В Константинополе мы первым делом отправились в госпиталь к нашему командиру, генерал-майору Радену. Леонеля Федоровича мы нашли в довольно неплохом самочувствии. Сердце у него уже не болело, и он даже игриво поглядывал на молоденьких сестер милосердия, сновавших туда-сюда по коридорам госпиталя. Увидев нас, барон очень обрадовался.

Мы рассказали ему о том, что нового во вверенной ему дивизии. Боевые действия к этому времени фактически уже закончились. Лишь изредка наши конные патрули вступали в перестрелки с не успевшими еще сбежать в азиатскую Турцию мелкими шайками разбойников, состоявшими из дезертиров бывшей султанской армии и примкнувших к ним башибузуков.

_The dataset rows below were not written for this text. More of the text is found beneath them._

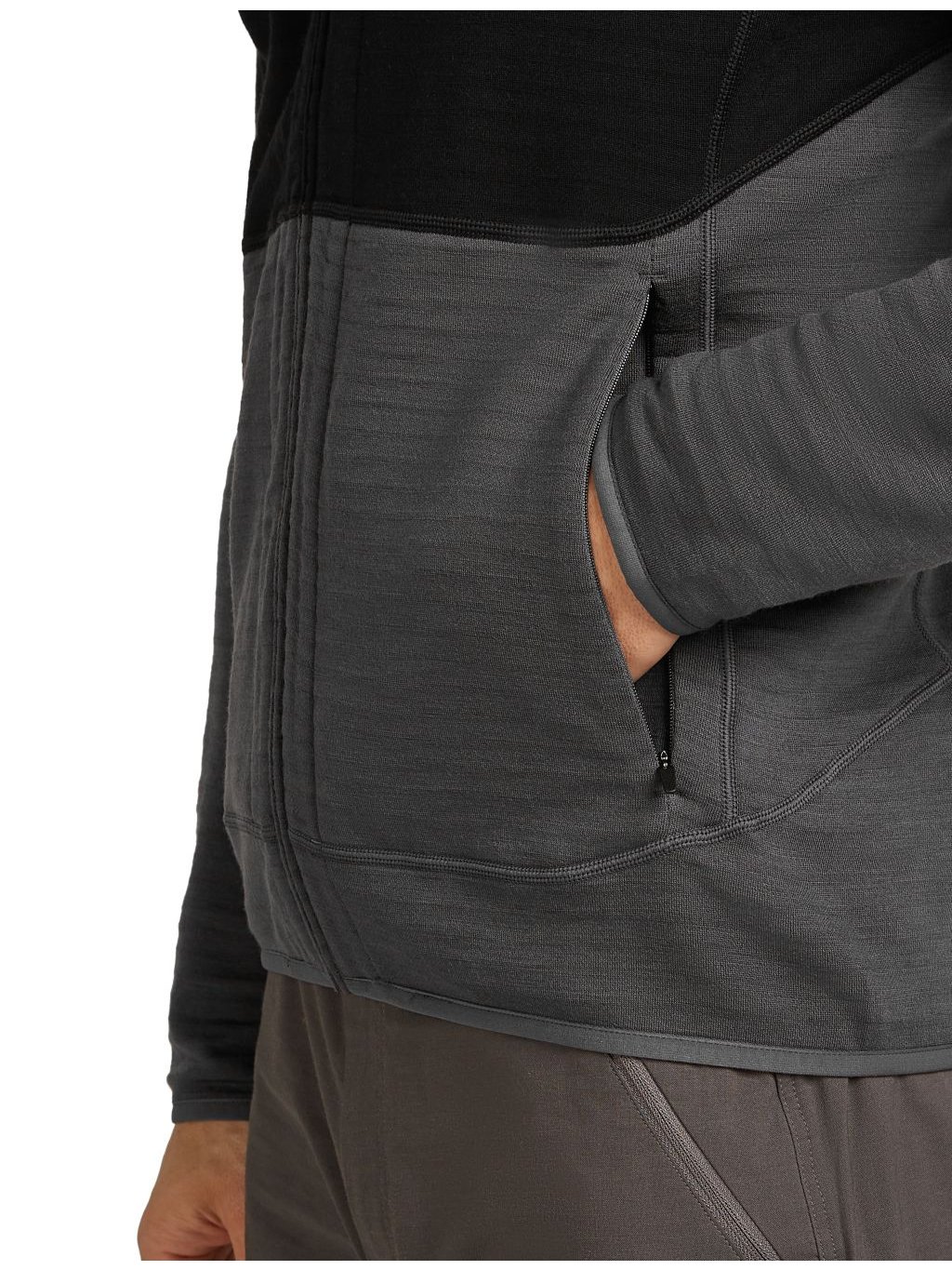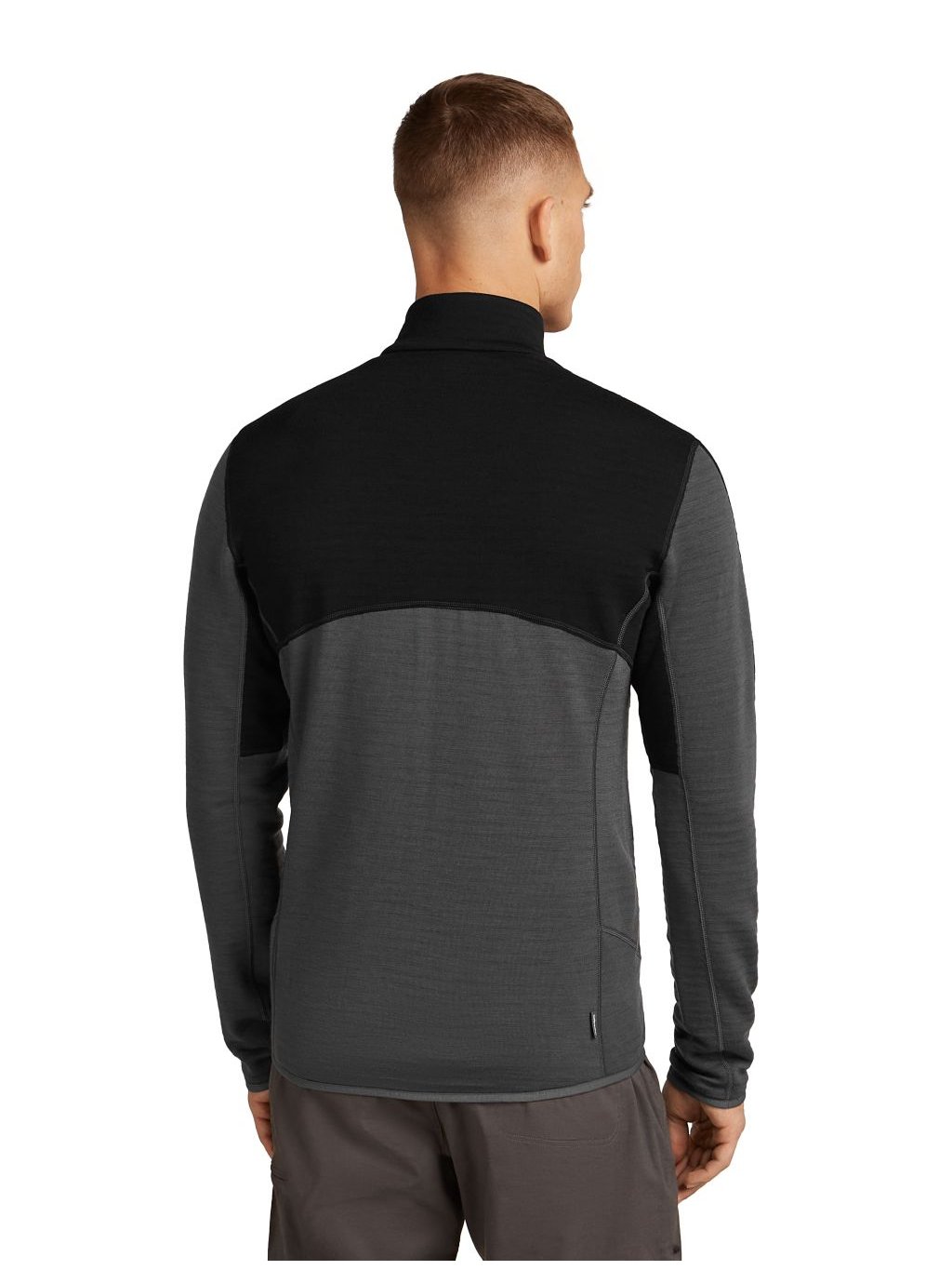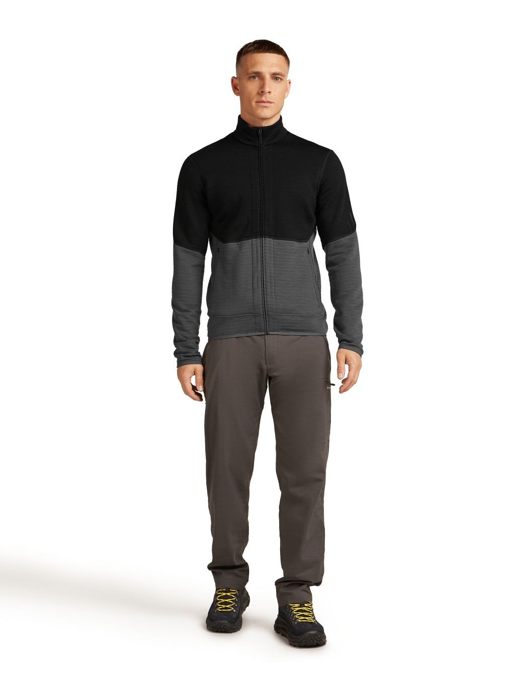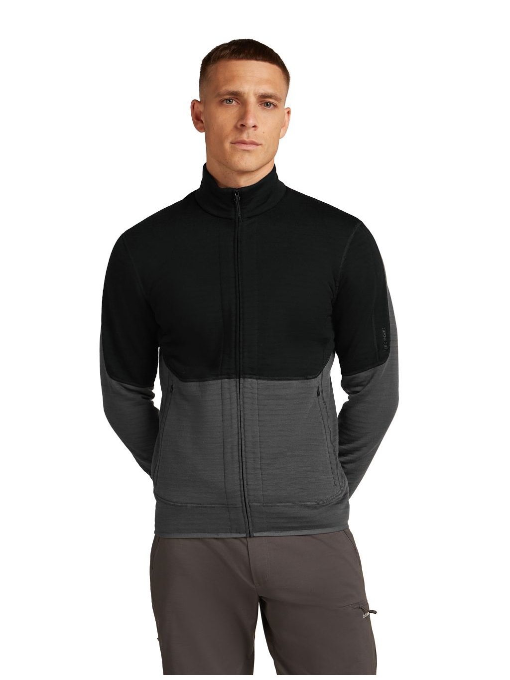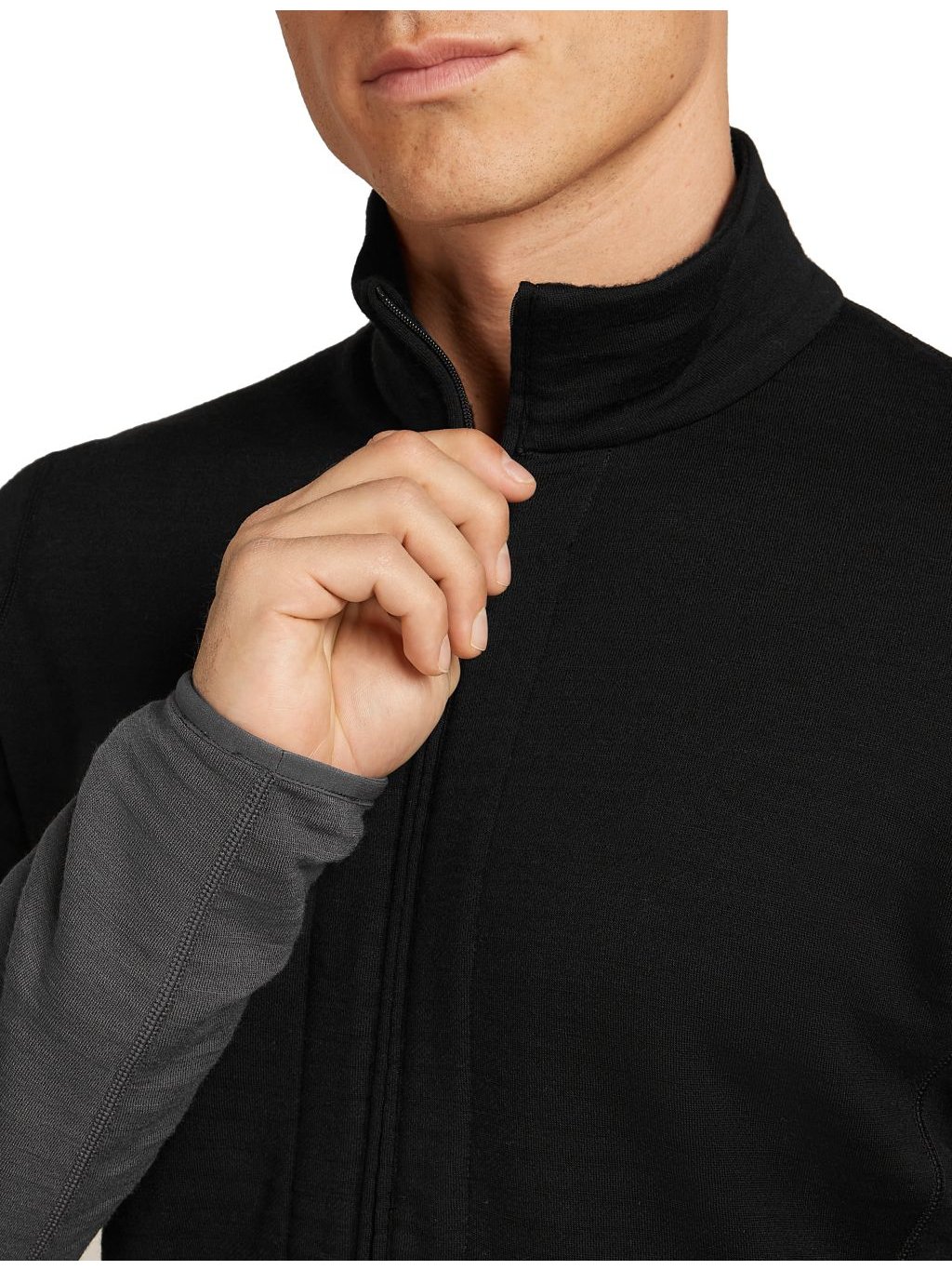 Pánská merino mikina ICEBREAKER Mens 400 RealFleece Descender LS Zip, Black/Obsidian/Cb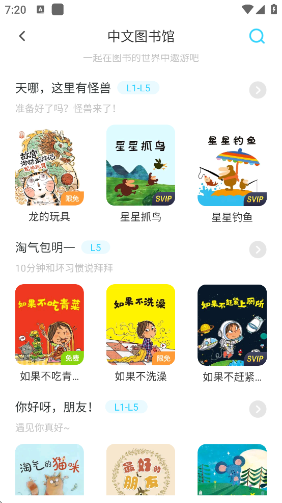 海量国外原版绘本免费阅读;根据权威分级阅读体系分级,各个年龄阶段的孩子都能轻松找到适合自己的绘本。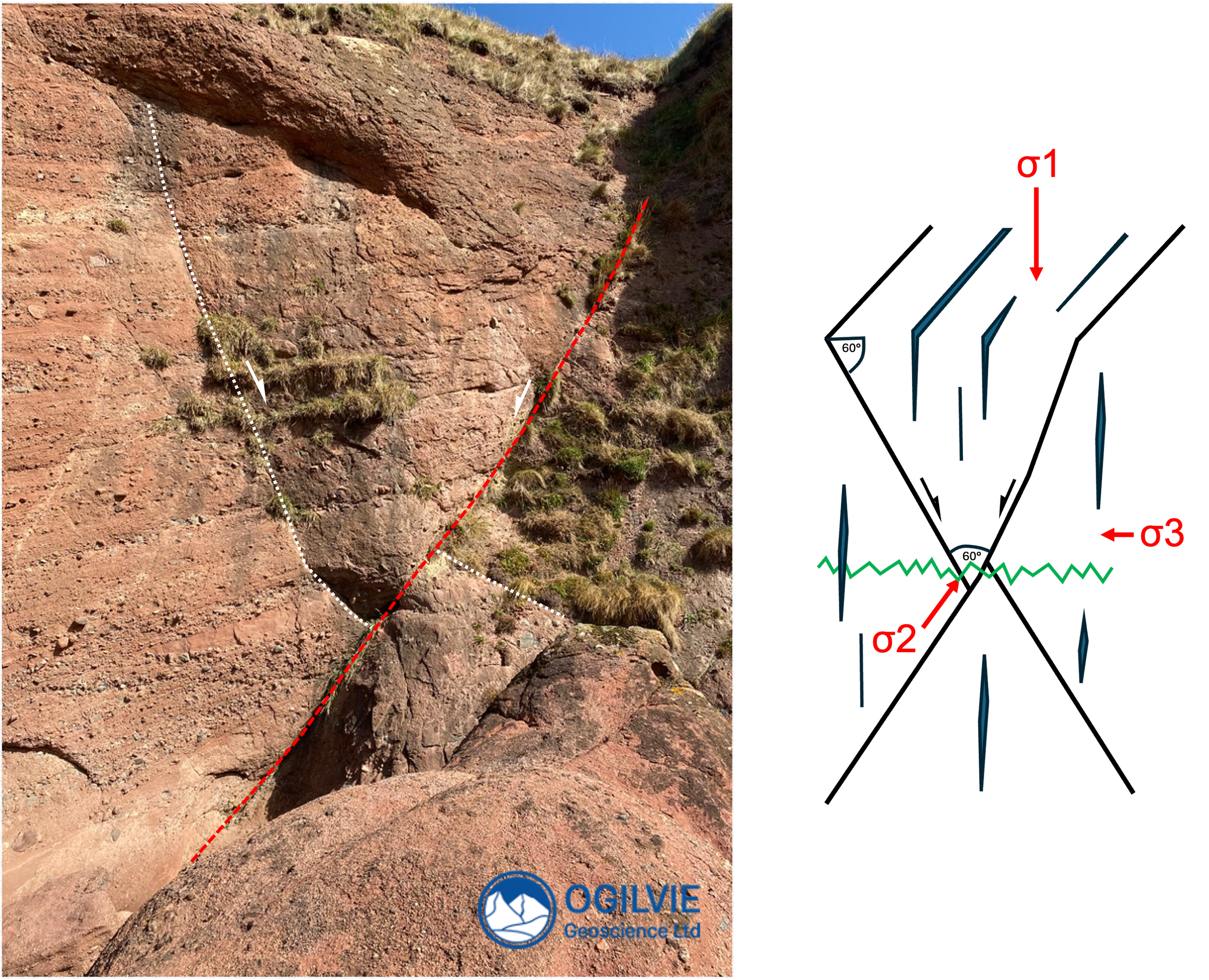 Facing East along a zone of conjugate faults in outcrop (Hopeman Sandstone, UK). Note compound zone of deformation bands (dashed line) in the foreground. Anderson’s model shown on the right.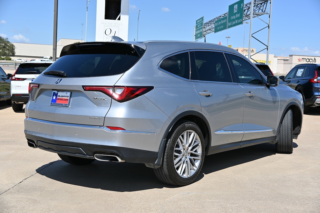 -CARFAX ONE OWNER- This 2023 Acura MDX w/Advance Package looks great with a clean Ebony interior with leather seats and Lunar Silver Metallic exterior! Bluetooth Heated Front Seats Keyless Entry Remote Engine Start Back Up Camera Navigation Sunroof/ Moonroof PRICED TO SELL QUICKLY! RESEARCH SUGGESTS IT WILL NOT BE AVAILABLE FOR LONG. If you view our website at: https://www.mcdavidhondairving.com/ you will have access to more photos, the full Value Report and a Vehicle History Report! Please call (469) 405-3340 Call us today to schedule a hassle-free test drive at our Toll Free Number! We are located at: 3700 W Airport Fwy, Irving, TX 75062. For more than 70 years, David McDavid Honda of Irving has been serving the automotive needs of drivers throughout the Dallas Fort Worth Metroplex. We stock a large selection of new and used Honda cars at great prices. If you need assistance with choosing a new car, obtaining financing, or have service and repair questions, our friendly and knowledgeable staff will get your questions answered. Our dealership is located in Irving, but we proudly serve the Dallas, Fort Worth, Arlington, and Grand Prairie and DFW area.

Из штаба до нас дошли слухи, что скоро мы совсем покинем Болгарию и отправимся на родину в Россию. Местные части, сформированные из болгар, уже прошли достаточно серьезную подготовку под руководством югоросских офицеров и могли отразить нападение извне. Только вряд ли найдется теперь на свете кто-либо, кто рискнул бы напасть на Болгарию. В Европе, да и, пожалуй, во всем мире, все прекрасно знали о том, что в подобном случае нападавшему придется иметь дело с Югороссией и с Российской империей, которые уже объявили себя союзниками нового государства и гарантами его существования. А поэтому любое нападение на Болгарию должно было закончиться очень печально для агрессора.

Потом полковник Лермонтов стал говорить с бароном о хорошо знакомых им офицерах 13-го драгунского полка и о полковых делах. А я, с разрешения Леонеля Федоровича, отправился искать свою дочку.